**THE TASK**
Print exactly the lines that run from the one containing "Lotus pink zari" to the final line of the data, both included, and print none of the pictures.

---+---

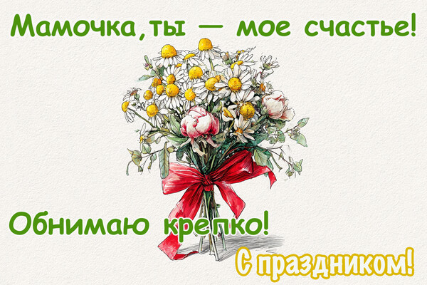 - С Днем матери! Пусть твой дом будет наполнен смехом и теплотой, в нем всегда царит любовь и взаимопонимание.
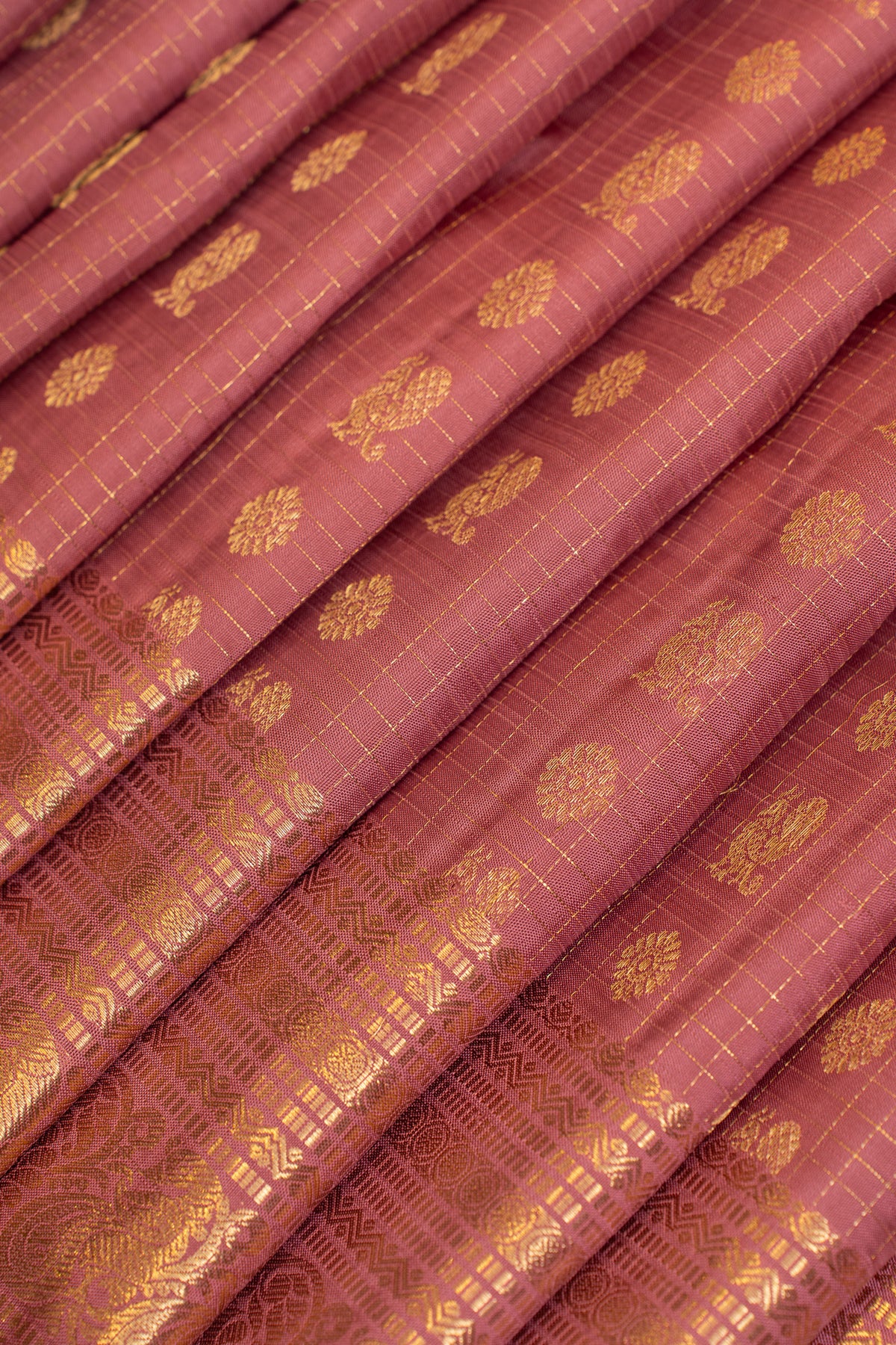 Lotus pink zari panel pure Kanchipuram silk saree
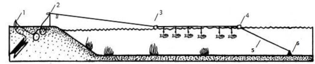 Забросив свою снасть в воду живцов начинает атаковать щука. Заглотив его леска слетит с расщепления, размотавшись уже никуда не денется (привязана к колышку 1). Поплавки держат конструкцию на плаву, а грузило позволяет оставаться снастям на одном месте.Амортизатор советуем ставить с хорошими показателями на разрыв, во время подсечки высокая нагрузка.
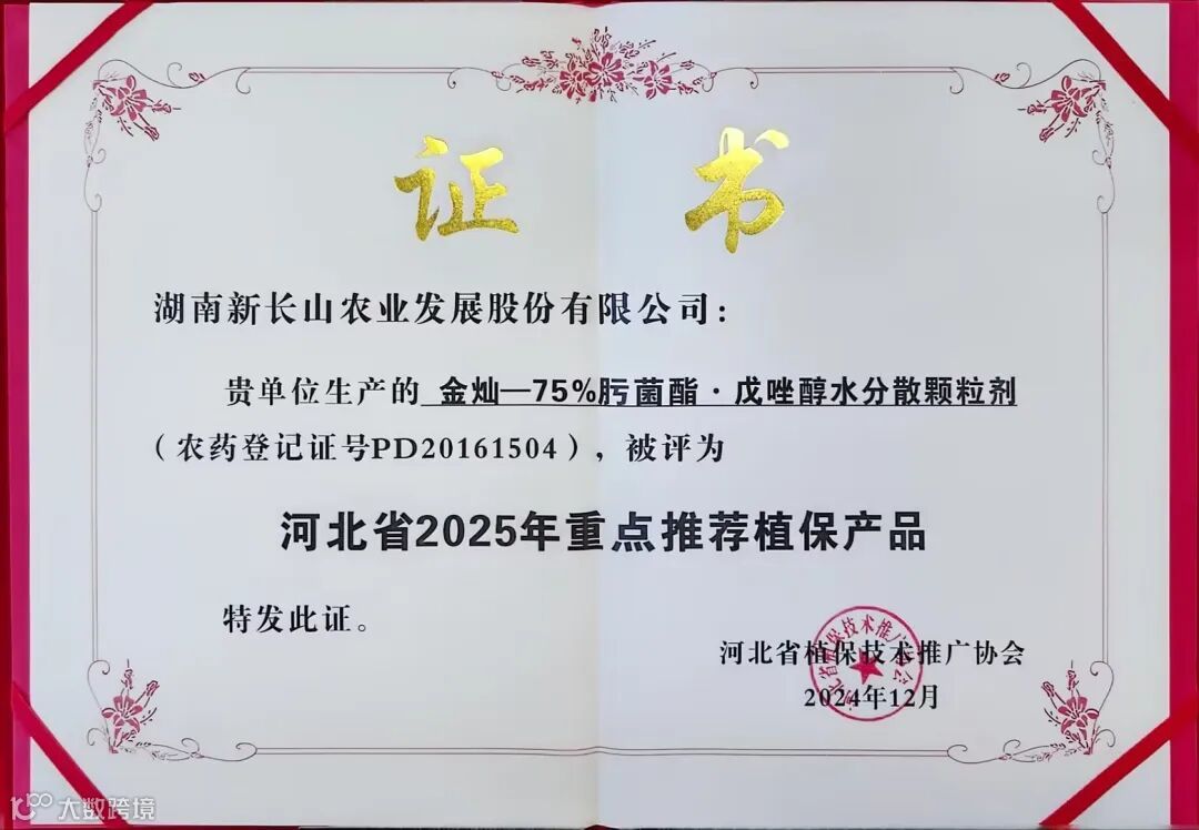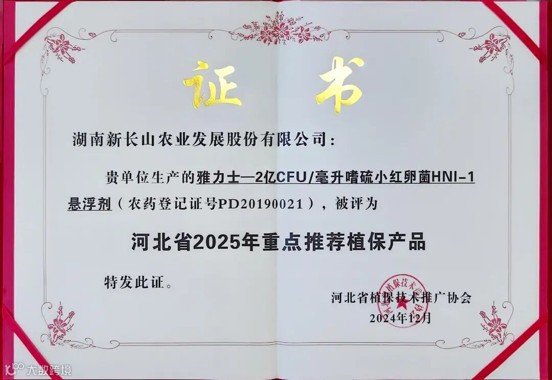 热烈祝贺湖南新长山集团两大战略产品——雅力士®(2亿CFU/毫升 嗜硫小红卵菌HNI-1),长山金灿®(75%肟菌·戊唑醇)入选“河北省2025年重点推荐产品”名录。
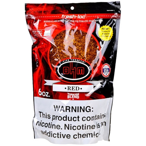 OHM Pipe Tobacco Turkish Blend Red, showcases a harmonious fusion of pure American-grown flue-cured burley and Virginia tobaccos expertly blended with exotic Oriental/Turkish varieties, imbued with natural and light robust flavors. OHM Turkish Red delivers a rich and flavorful smoking experience, characterized by minimal to no bite. Its burn is cool and clean, maintaining a consistent flavor throughout. Designed in a ribbon-style cut, the OHM pipe tobacco brand is superbly tailored for filling your favored smoking pipe, rolling papers, or filtered tubes. OHM consistently prioritizes high-quality freshness by packaging their tobacco in convenient plastic Fresh-Loc™ resealable pouch bags.
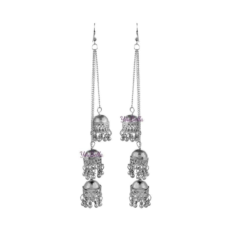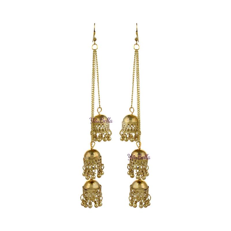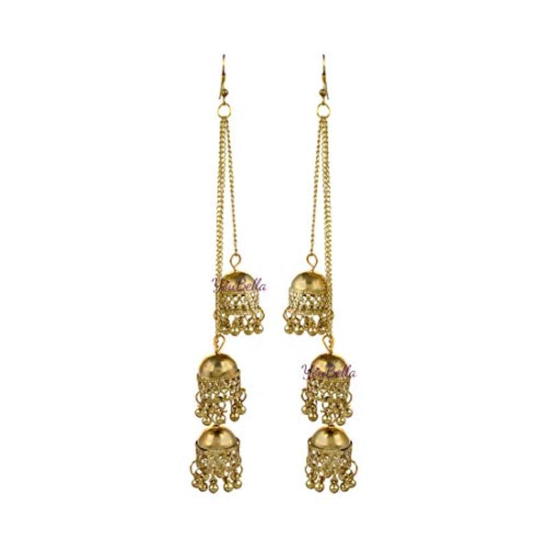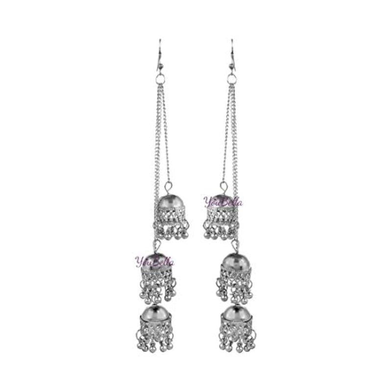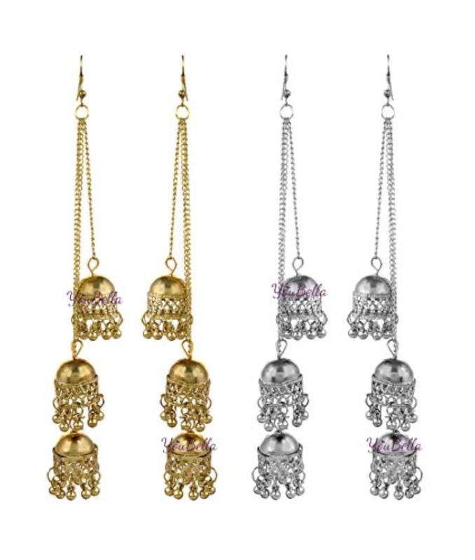Enhance your style with this elegant set of two Afghani Jhumka earrings. Perfect for any occasion.
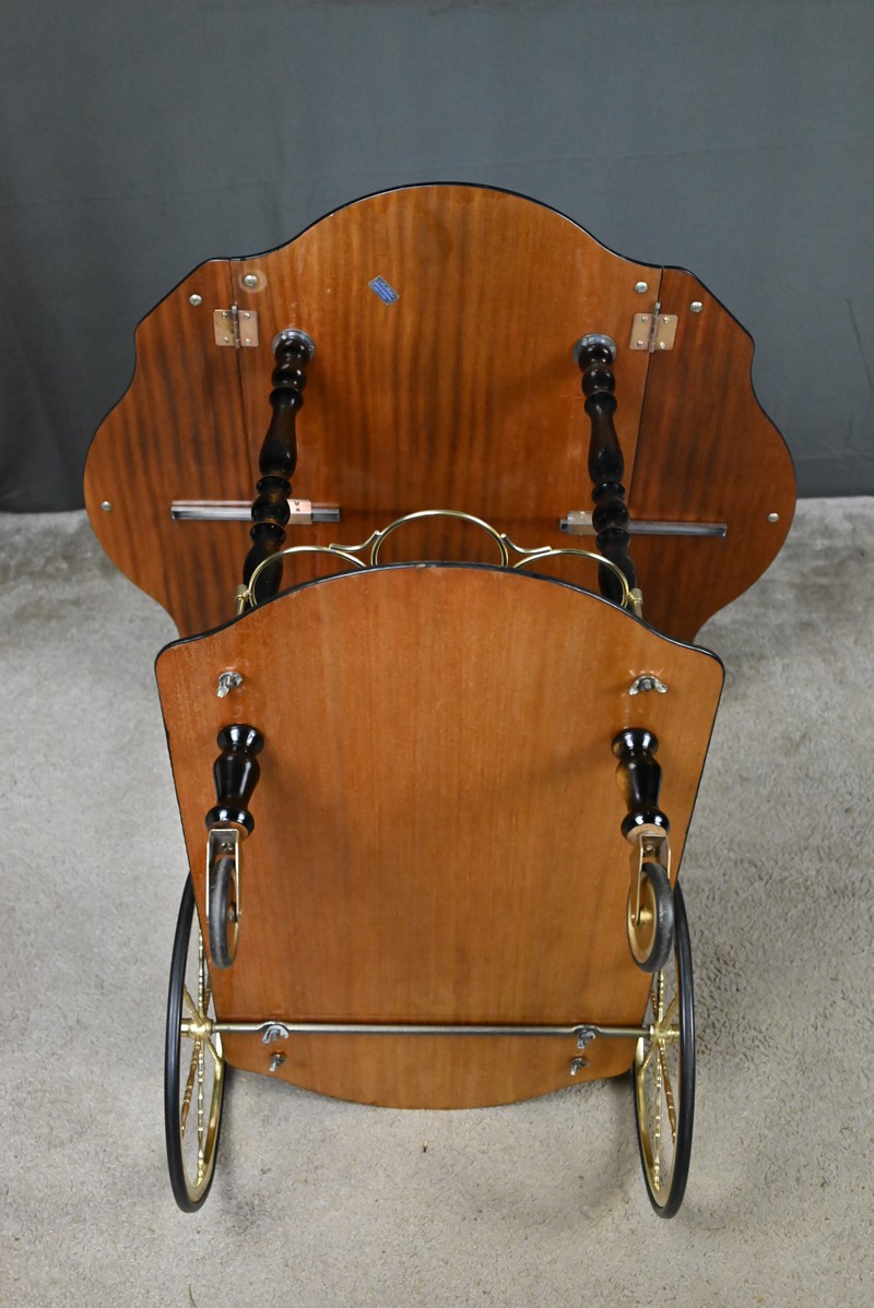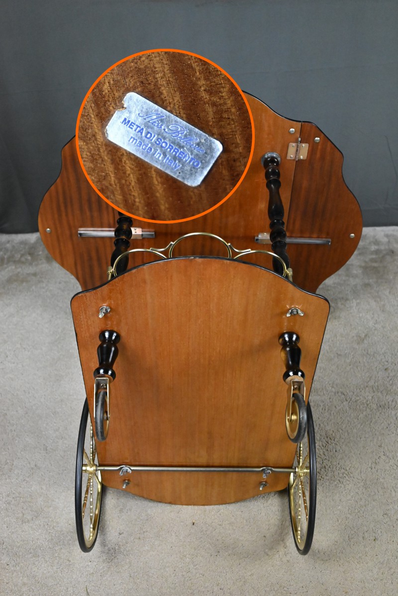 Les roues arrières à rayons et les roulettes avants en métal doré, associées à une poignée en bois tourné accompagnée également de métal doré, facilitent son déplacement tout en conservant son allure noble.

---+---

**REPLY**
 Lotus pink zari panel pure Kanchipuram silk saree
 Забросив свою снасть в воду живцов начинает атаковать щука. Заглотив его леска слетит с расщепления, размотавшись уже никуда не денется (привязана к колышку 1). Поплавки держат конструкцию на плаву, а грузило позволяет оставаться снастям на одном месте.Амортизатор советуем ставить с хорошими показателями на разрыв, во время подсечки высокая нагрузка.
 热烈祝贺湖南新长山集团两大战略产品——雅力士®(2亿CFU/毫升 嗜硫小红卵菌HNI-1),长山金灿®(75%肟菌·戊唑醇)入选“河北省2025年重点推荐产品”名录。
 OHM Pipe Tobacco Turkish Blend Red, showcases a harmonious fusion of pure American-grown flue-cured burley and Virginia tobaccos expertly blended with exotic Oriental/Turkish varieties, imbued with natural and light robust flavors. OHM Turkish Red delivers a rich and flavorful smoking experience, characterized by minimal to no bite. Its burn is cool and clean, maintaining a consistent flavor throughout. Designed in a ribbon-style cut, the OHM pipe tobacco brand is superbly tailored for filling your favored smoking pipe, rolling papers, or filtered tubes. OHM consistently prioritizes high-quality freshness by packaging their tobacco in convenient plastic Fresh-Loc™ resealable pouch bags.
Enhance your style with this elegant set of two Afghani Jhumka earrings. Perfect for any occasion.
 Les roues arrières à rayons et les roulettes avants en métal doré, associées à une poignée en bois tourné accompagnée également de métal doré, facilitent son déplacement tout en conservant son allure noble.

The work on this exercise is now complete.